EXTRACTED RECORDS:
● ● ●

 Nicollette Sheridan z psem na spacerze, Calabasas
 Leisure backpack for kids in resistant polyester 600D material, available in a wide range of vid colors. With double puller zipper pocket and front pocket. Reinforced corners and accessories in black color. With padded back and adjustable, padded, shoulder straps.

● ● ●

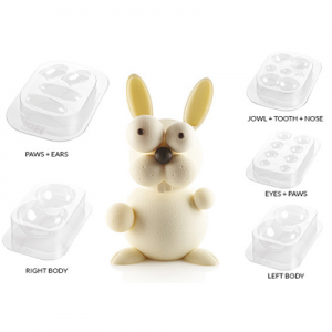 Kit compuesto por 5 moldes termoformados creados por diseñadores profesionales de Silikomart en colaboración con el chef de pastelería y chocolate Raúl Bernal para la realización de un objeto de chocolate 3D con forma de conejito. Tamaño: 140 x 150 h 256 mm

● ● ●

TASK PROMPT: All that belongs in your answer is the stretch of entries above from the line with "Nicollette Sheridan z" through the line with "Leisure backpack for", printed exactly.

THE ANSWER:
 Nicollette Sheridan z psem na spacerze, Calabasas
 Leisure backpack for kids in resistant polyester 600D material, available in a wide range of vid colors. With double puller zipper pocket and front pocket. Reinforced corners and accessories in black color. With padded back and adjustable, padded, shoulder straps.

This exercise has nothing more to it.